Object can be bigger than you requested, so this can generate problems
with acquiring offset _after_ this one. For example you request 4K,
gem object will be 64K, then you'll call allocator with 4K. So next
allocation will overlap your gem object as allocator doesn't know 
it is 64K so it will return offset which is 4K offset within your gem
object.


> +
> +	switch(mode) {
> +		case SYS_TO_SYS: /* copy from smem to smem */
> +			src_mem_type = MEM_TYPE_SYS;
> +			dst_mem_type = MEM_TYPE_SYS;
> +			src_compression = 0;
> +			dst_compression = 0;
> +			resolve = 0;
> +		case SYS_TO_LOCAL: /* copy from smem to lmem */
> +			src_mem_type = MEM_TYPE_SYS;
> +			dst_mem_type = MEM_TYPE_LOCAL;
> +			src_compression = 0;
> +			dst_compression = enable_compression ? (COMPRESSION_ENABLE | AUX_CCS_E) : 0;
> +			resolve = 0;
> +		case LOCAL_TO_SYS: /* copy from lmem to smem */
> +			src_mem_type = MEM_TYPE_LOCAL;
> +			dst_mem_type = MEM_TYPE_SYS;
> +			src_compression = enable_compression ? (COMPRESSION_ENABLE | AUX_CCS_E) : 0;
> +			dst_compression = 0;
> +			resolve = 0;
> +		case LOCAL_TO_LOCAL: /* in-place decompress */

Why we don't support local to local keeping source too?  I would add
LOCAL_TO_LOCAL_INPLACE to distint this case, keeping LOCAL_TO_LOCAL for
normal copy with keeping the source intact.

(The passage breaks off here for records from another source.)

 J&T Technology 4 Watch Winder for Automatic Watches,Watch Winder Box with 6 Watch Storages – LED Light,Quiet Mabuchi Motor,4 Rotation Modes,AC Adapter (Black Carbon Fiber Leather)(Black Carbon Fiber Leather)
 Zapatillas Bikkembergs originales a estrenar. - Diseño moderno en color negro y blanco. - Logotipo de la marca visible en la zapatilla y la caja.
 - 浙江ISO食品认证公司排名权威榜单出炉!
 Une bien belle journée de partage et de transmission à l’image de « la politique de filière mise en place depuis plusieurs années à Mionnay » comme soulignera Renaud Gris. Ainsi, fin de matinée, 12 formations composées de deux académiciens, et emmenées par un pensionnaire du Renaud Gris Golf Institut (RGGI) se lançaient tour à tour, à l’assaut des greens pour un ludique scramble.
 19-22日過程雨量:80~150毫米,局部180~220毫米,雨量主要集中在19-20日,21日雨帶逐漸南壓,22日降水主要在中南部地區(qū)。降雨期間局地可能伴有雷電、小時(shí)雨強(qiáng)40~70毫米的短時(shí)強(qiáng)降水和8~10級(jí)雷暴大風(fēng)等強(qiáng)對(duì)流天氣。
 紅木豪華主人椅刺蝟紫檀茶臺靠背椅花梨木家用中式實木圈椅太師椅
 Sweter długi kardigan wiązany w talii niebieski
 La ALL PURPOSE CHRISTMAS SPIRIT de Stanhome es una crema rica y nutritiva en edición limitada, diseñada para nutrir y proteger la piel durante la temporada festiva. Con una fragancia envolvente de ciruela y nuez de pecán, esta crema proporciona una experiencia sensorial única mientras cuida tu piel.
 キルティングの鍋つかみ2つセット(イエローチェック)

> +			src_mem_type = MEM_TYPE_LOCAL;
> +			dst_mem_type = MEM_TYPE_LOCAL;
> +			src_compression = enable_compression ? (COMPRESSION_ENABLE | AUX_CCS_E) : 0;
> +			dst_compression = enable_compression ? (COMPRESSION_ENABLE | AUX_CCS_E) : 0;
> +			resolve = FULL_RESOLVE;
> +	}
> +
> +	offset_src = get_offset(ahnd, src, length, 0);
> +	offset_dst = get_offset(ahnd, dst, length, 0);
> +	offset_bb = get_offset(ahnd, cmd, BATCH_SIZE, 0);
> +
> +	/* construct the batch buffer */
> +	memset(reloc, 0, sizeof(reloc));
> +	memset(batch_buf, 0, BATCH_SIZE);
> +	len = make_block_copy_batch(fd, batch_buf,
> +				    src, dst, length, reloc,
> +				    offset_src, offset_dst,
> +				    src_mem_type, dst_mem_type,
> +				    src_compression, dst_compression,
> +				    resolve);
> +	igt_assert(len > 0);
> +
> +	/* write batch buffer to 'cmd' BO */
> +	gem_write(fd, cmd, 0, batch_buf, len);
> +
> +	/* Execute the batch buffer */
> +	memset(exec, 0, sizeof(exec));
> +	if (mode == LOCAL_TO_LOCAL) {

if (mode == LOCAL_TO_LOCAL_INPLACE)

would cover inplace and LOCAL_TO_LOCAL normal copy.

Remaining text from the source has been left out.